Collections are another use for the chargemaster document. The thinking goes, if my patient is uninsured (and 27.6 million people are), I want to collect something from them when they come in and seek care. Consider the markup on CT scans, 28.5 higher than the cost of care. The uninsured patient is charged $2,850 for a $100.00 service. Then if, and when, it goes to collections the debt is often sold to a collections agency for pennies on the dollar. So a $2,850 markup on a CT scan has turned into a $285.00 payment from a debt collection agency and $185.00 profit for the hospital. On the other end, the patient has damaged credit and collection agencies coming after them.

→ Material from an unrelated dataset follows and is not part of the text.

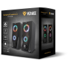 Елегантні стереодинаміки 2.0, надкомпактні розміри, живлення через стандартний USB інтерфейс. Ідеальний вибір для посилення звуку з ноутбука, нетбука або ПК. Легкий доступ до налаштувань гучності та увімкнення/вимкнення живлення за допомогою кнопки керування на передній панелі. Аудіосигнал передається через стандартний аудіороз'єм 3,5 мм.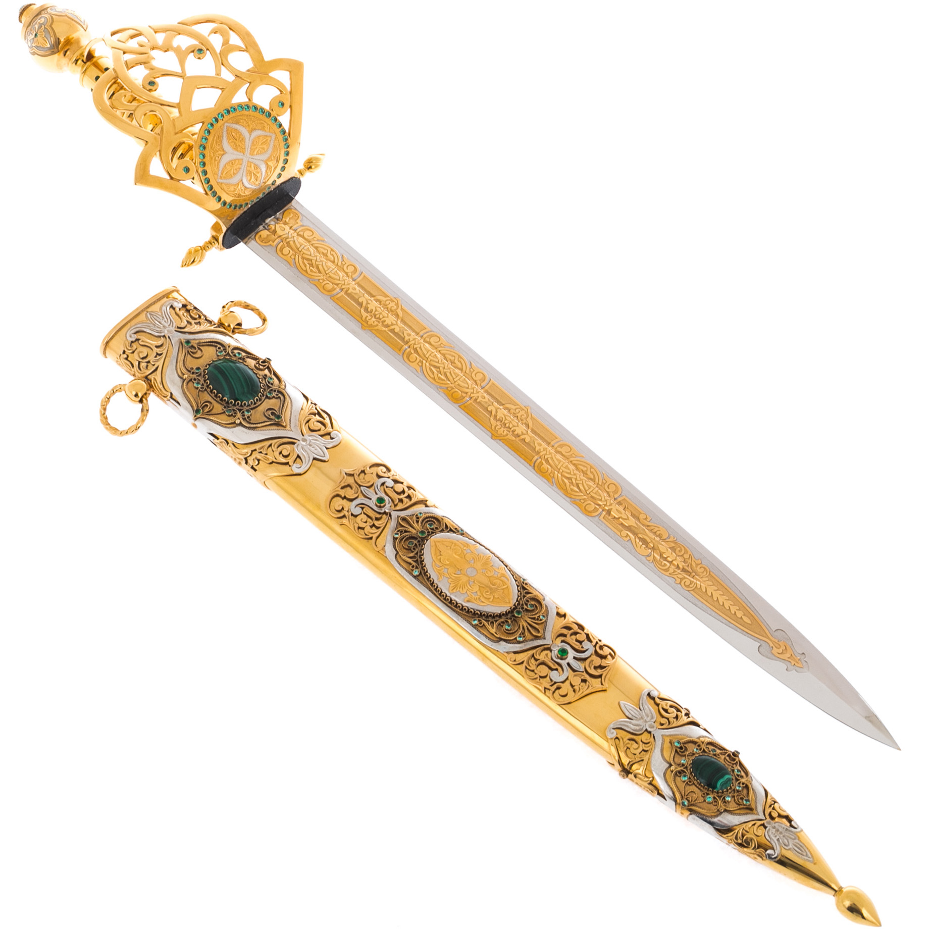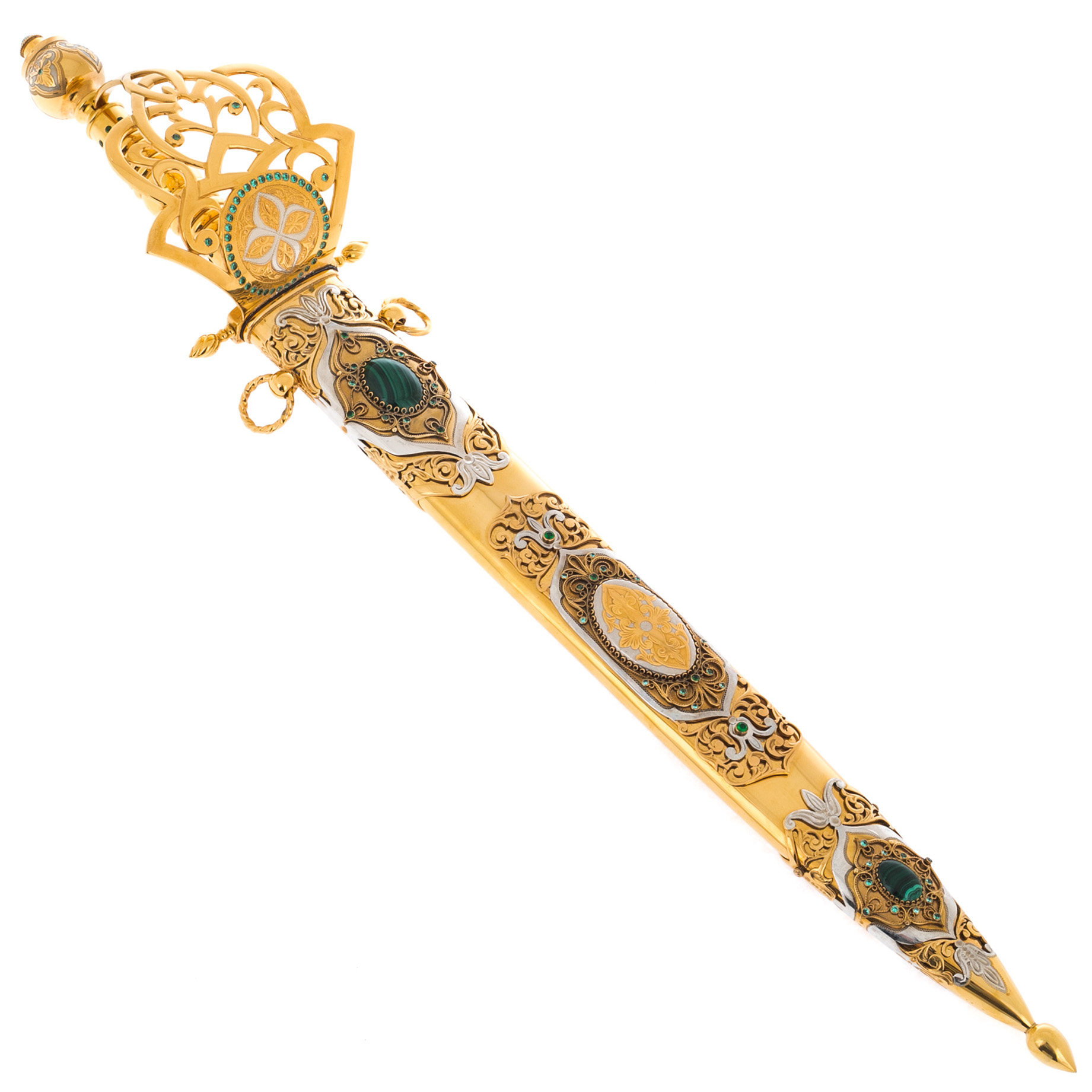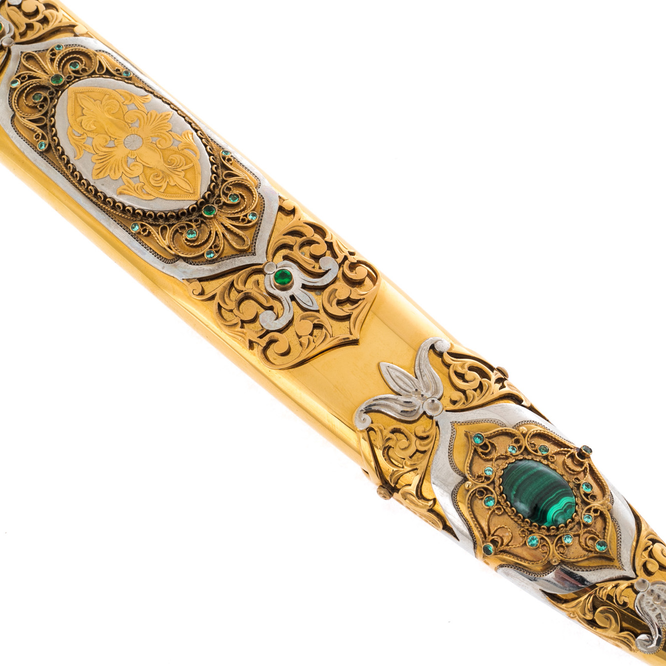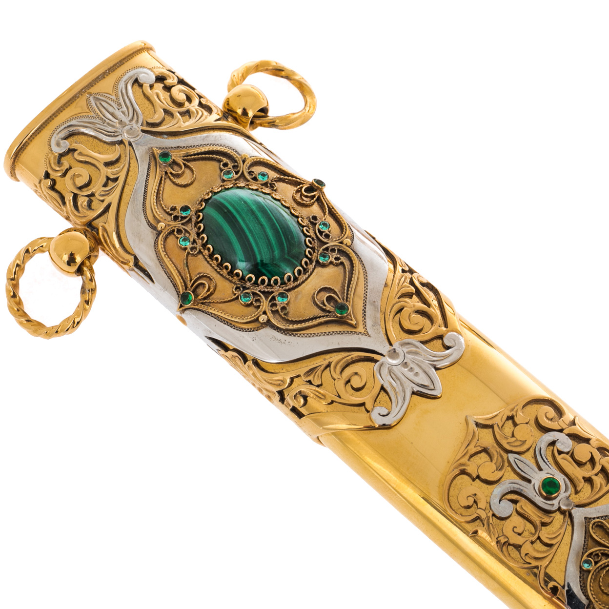 Материалы:малахит, латунь, сталь ЭИ-107, никель, золото.

At this point our healthcare system echos the Great and Powerful of Oz and says “Pay no attention to the man behind the curtain!, all this worry about the chargemaster is just a humbug, the patient never really sees these prices.” However that’s frequently not true. Let’s say you travel to Florida for vacation and your appendix bursts. Suddenly you’re out of network and having a medical emergency. Perhaps you’re like the many Americans who have high deductible plans. In either case munchkin costs end up being billed at ruby slipper rates.

Opacity in healthcare is a blight that’s slowly rotting away healthcare at its core, causing prices to spiral out of control. Finally, let’s review the shareholders of hospitals and insurance companies. There’s a large group of people who see hospitals not as places of healing, but as money-generating enterprises. We have nothing against capitalism. However, by avoiding transparency and embracing closed-door dealings, insurance companies and your healthcare provider aren’t always helping patients.

There’s a famous saying, oft quoted by leaders and visionaries, “Sunlight is the best disinfectant”. When Louis Brandeis first uttered this he wasn’t speaking about medicine, but rather transparency. If opacity is an infection rotting away healthcare, then let’s pull back that curtain, pay attention to the old man and his machinations and embrace transparency as the best disinfectant.